Cuando se produjo esta crisis, la dirección del país pasó a manos de quienes, sosteniendo un punto de vista opuesto, consideraban necesaria y urgente una transformación radical de nuestra realidad económica y social, para que la Argentina no repitiera el extravío del criollismo y se incorporara al área del mundo occidental con todos los riesgos y ventajas que ello suponía. Es en ese momento cuando comienza a abrirse la grieta que interrumpe nuestro desarrollo histórico, cuando comienza a gestarse una nueva realidad espiritual; porque una mentalidad universalista se ha propuesto ahogar la mentalidad criolla, y ha suscitado, frente a estas dos que se batían frente a frente, una tercera mentalidad, propia de la nueva realidad económica y social que se constituía: la mentalidad aluvial.

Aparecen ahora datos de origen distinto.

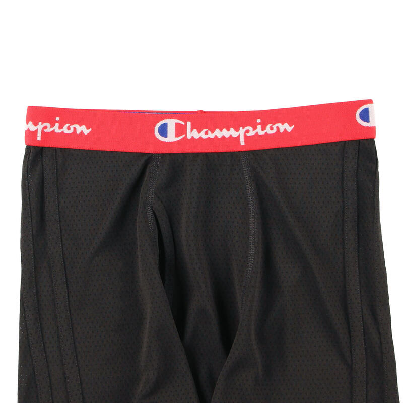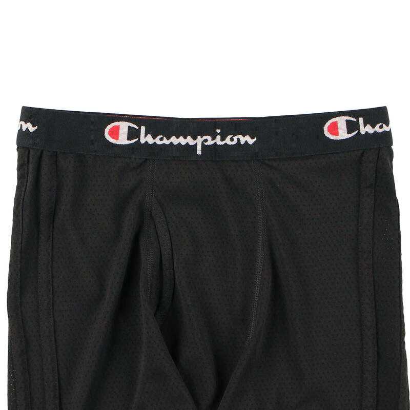 ウエストゴムの全周にCHAMPIONロゴを入れ、前立てのパイピング仕様とサイドに入れた
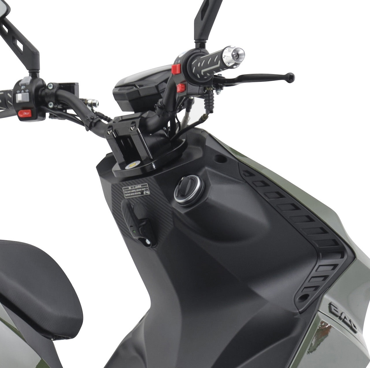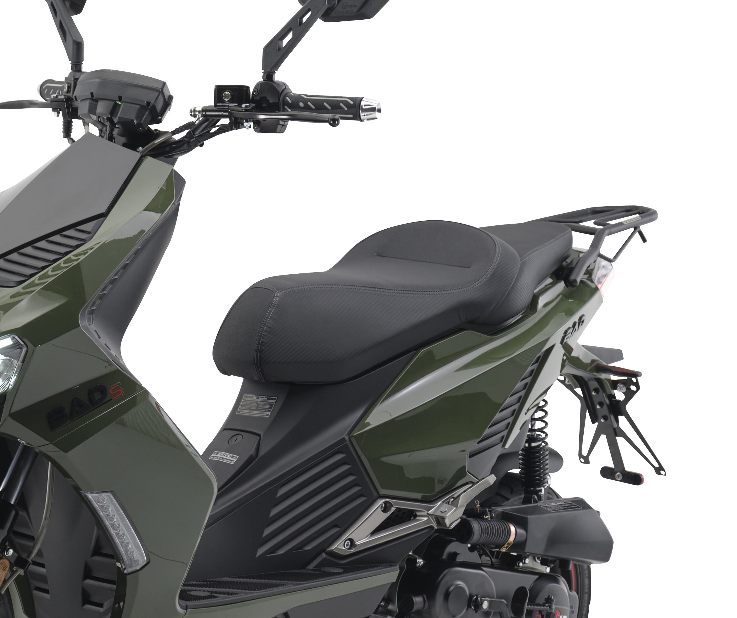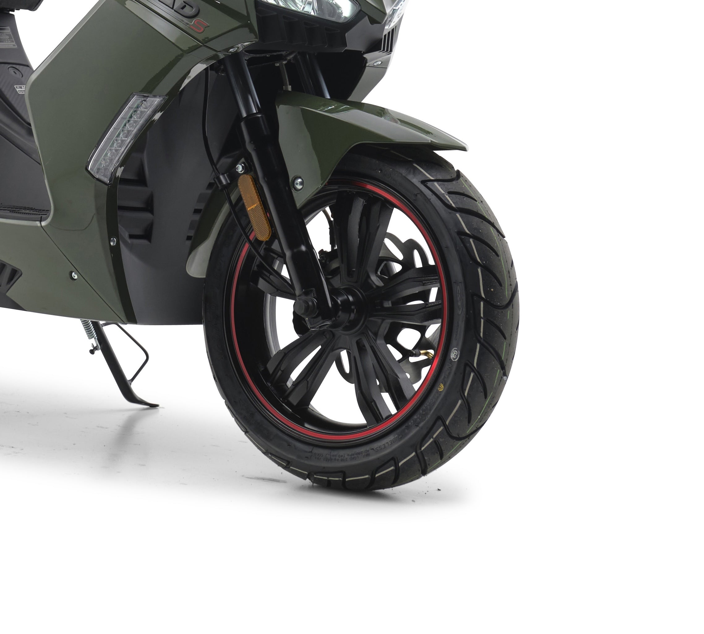 Für seine 50ccm beschleunigt das Modell auf den ersten Metern ordentlich, aber nicht zu schnell. Das sorgt für mehr Kontrolle und ein gutes Gefühl beim Starten. Einmal in Schwung, befindest Du dich dann umgehend auf der Überholspur und erreichst schnell die 45 km/h betragende Spitzengeschwindigkeit. Die hydraulischen Scheibenbremsen vorne und hinten sind für das nötige Sicherheitsgefühl verantwortlich, die LED-Beleuchtung dafür, dass Du zu später Stunde gut siehst und noch besser gesehen wirst. Serienmäßig gehören außerdem eine Alarmanlage und „Keyless Go“ zur Ausstattung.

En efecto, la aparición de un capitalismo extranjero que removió toda nuestra estructura económica, el dislocamiento de la estructura social por obra del aporte inmigratorio, y luego, su progresiva reordenación a través de las conmociones provocadas por los ascensos y descensos de grupos, trajeron como consecuencia inmediata una rápida y sustancial alteración de nuestra realidad espiritual. Treinta años después de haberla propugnado, quienes habían defendido la necesidad de transformar radicalmente el país apenas lo reconocían, y miraban atónitos su propia obra, sin que faltara en alguno el gesto de horror o de arrepentimiento. Pero el movimiento era ya irreprimible. La Argentina había jugado su destino, y estaba lanzada en un proceso que habría de permitirle un ascenso vertical como potencia económica, aunque a costa de tener que padecer un largo período de inestabilidad interior. De ese proceso nos hallamos a medio camino, y cuanto nos sucede no es sino manifestación de esta lenta búsqueda de nuestro propio equilibrio. Quizá lo alcancemos un día, pero entretanto debemos acostumbrarnos a pensar en que nos es forzoso vivir dentro de un complejo incoherente, y en que urge discriminar cuáles son los elementos que lo integran: porque nos es imprescindible saber cómo debemos ordenar la conducta para contribuir a la afirmación de lo que consideremos digno de predominar en última instancia.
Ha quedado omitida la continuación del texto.